ゼロの記憶が散らばる!
ヨンシアはジウインを緩めて、やってきたジャン・ティエンを見た。口の端の血はヨンシアが拭ってやった。自分が死ぬかどうか、分かんなかった。ただ、戦いたいってことだけは分かった。太陽が昇ったら、戦いは終わる。でも、あの燃えるような太陽を見れるのかどうかも分かんない。分からない、何もかも。未来を予測できるやつなんていないんだから。分からないからこそ、俺たちは勇敢に進む。分からないからこそ、次の瞬間には死んでしまうかもしれない。
「ヨンシア、やめて、手を離さないで…」ジウインは意味不明なことばかり言ってて、目が虚ろで、ヨンシアの方を見ていた。ヨンシアは猛スピードで走っている。
周りは静かで、聞こえるのはジャン・ティエンの銃声と、ジウインの心臓の音だけ。
避けて、捕まえて、回転してキック。ヨンシアの動きはどれも速くて完璧で、ジャン・ティエンはちょっと油断してたけど、すぐにヨンシアのペースについて行って、互角に戦ってる。でも、空中で落ちてくる血だらけの欠片をキャッチしようとしたジャン・ティエンは、ヨンシアに足で踏まれまくって、口から綺麗で魅力的な花を咲かせたんだ。ヨンシアは油断して、ジャン・ティエンを倒したって思ってた。赤い太陽だって見れるって。しばらくの間、ジウインに向かって笑みを浮かべてたんだけど、その瞬間、全てがひっくり返った。魔法陣が起動して、ヨンシアにできることは、ジウインに悲しい顔を見せることだけだった。
ジャン・ティエンがこんなに遅かったのは、周りに魔法陣を仕組んでたから。
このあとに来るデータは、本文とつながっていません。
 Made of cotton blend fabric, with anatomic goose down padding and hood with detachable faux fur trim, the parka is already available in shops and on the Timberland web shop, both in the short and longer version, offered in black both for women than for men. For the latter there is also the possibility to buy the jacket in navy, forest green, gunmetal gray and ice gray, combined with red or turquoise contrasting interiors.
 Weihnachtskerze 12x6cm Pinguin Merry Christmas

でも、ジャン・ティエンが慎重で、バレなかったのは、ジャン・ティエンがジウインを利用したから。ジウインだけが、ジャン・ティエンの警戒を完全に解けるんだ。
ヨンシアは陣の中央に立ってて、そしたら無数の弾丸が彼に向かってきた。でも、反応できなかった。弾丸は彼の体を貫通して、そして通り過ぎた。ヨンシアの体は陣の中でバラバラになって、崩れ落ちた。叫びもしなかったし、痛くもなかった。ああ! ジウインさえ元気なら、心は痛くない。そして、彼は倒れて、彼の陣は消えた。
「ヨンシア!!!」
ジウインは喉をかきむしって叫んだけど、頭の中では息をするのも大変だった。ただ、心の中で燃え上がった一時の温かさが、一瞬にして消え去り、凍り付いていくのを感じただけ。
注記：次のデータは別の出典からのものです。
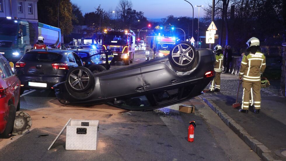 Bei einem Auffahrunfall auf der Radeburger Straße in Dresden hat sich ein PKW überschlagen - drei Menschen sind beim Unfall verletzt worden.
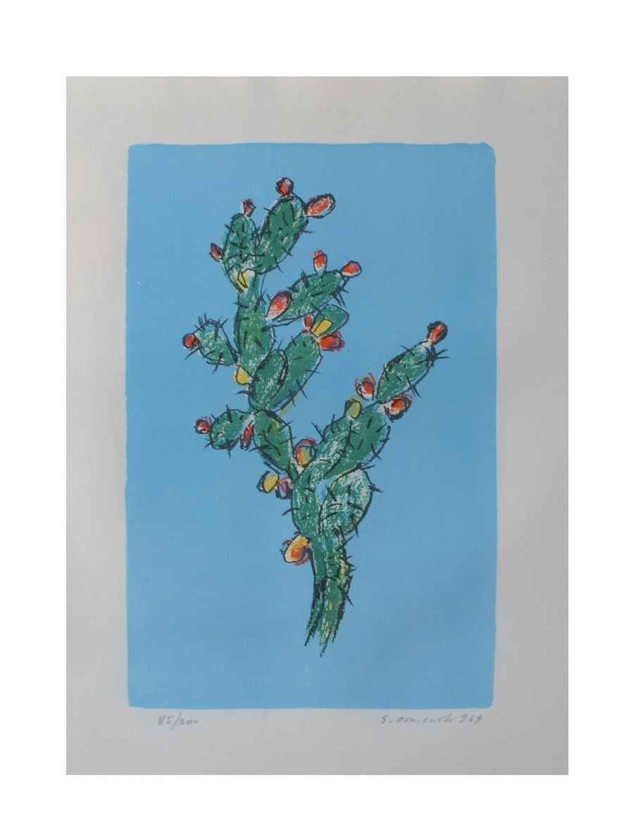 GIOVANNI OMICCIOLI Roma 1901 - 1975 "Cactus", grafica a colori es. 85/200, firmata e datata 969 in basso a destra, entro cornice 56x39 cm.
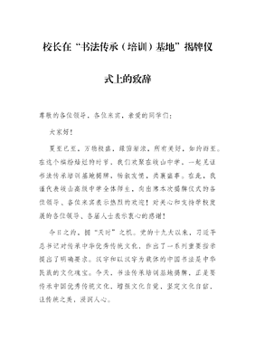 校长在“书法传承(培训)基地”揭牌仪式上的致辞.docx

どれくらい経ったか分からないけど、ヨンシアは立ち上がって、ジウインのところへゆっくりと歩いて行った。まだ血が流れてる。ジウインを抱きしめて、ジウインの肩に牙を見せずに強く噛みついた。ただ、ヨンシアは、自分がかつてジウインを愛していたという痕跡を残したかっただけだった。彼女が忘れてしまうのが怖かったんだ。
人差し指でジウインの額を指して、そしてジウインに陰鬱な笑顔を向けて、ジウインに向かって言えることはこれだけだった。「ごめんね。「幸せを祈ってるよ、ジウイン」
そして、容赦なくジウインの記憶の欠片を粉々に砕いて、彼女が昏睡状態に陥るのを見て、ヨンシアの体からも血が噴き出して、地面に横たわって血が広がり、まるで空に咲く、咲き誇る血の蓮のようだった。
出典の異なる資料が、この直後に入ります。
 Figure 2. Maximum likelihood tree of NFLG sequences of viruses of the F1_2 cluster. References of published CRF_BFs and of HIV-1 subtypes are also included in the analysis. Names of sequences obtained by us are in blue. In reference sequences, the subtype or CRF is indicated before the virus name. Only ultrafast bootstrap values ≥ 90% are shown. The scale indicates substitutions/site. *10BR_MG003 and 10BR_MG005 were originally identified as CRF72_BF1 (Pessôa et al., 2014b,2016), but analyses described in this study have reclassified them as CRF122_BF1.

魂は空中に漂い、ジャン・ティエンによって空の汚れに封印された。ヨンシアはこの世界から消え、みんなの記憶の中で死んだ。彼は2014年の夏、ジウインが嫌いだった夏に死んだんだ。
俺がいた夏は、悲しくて混乱してた。晴れた日に、お前は俺にたくさんの心をくれたけど、俺は一度も受け入れなかった。覚えてる思い出は多くない。ただ、お前の無言の顔を覚えているだけ。九年(2)クラスで、俺たちは半学期以上一緒に過ごした。MP4は小さな建物に残ったままだった。俺がお前のために預かってたんだ。覚えているのは、目が覚めたら、2014年の夏にお前と過ごした全ての思い出が消えていたということだけ。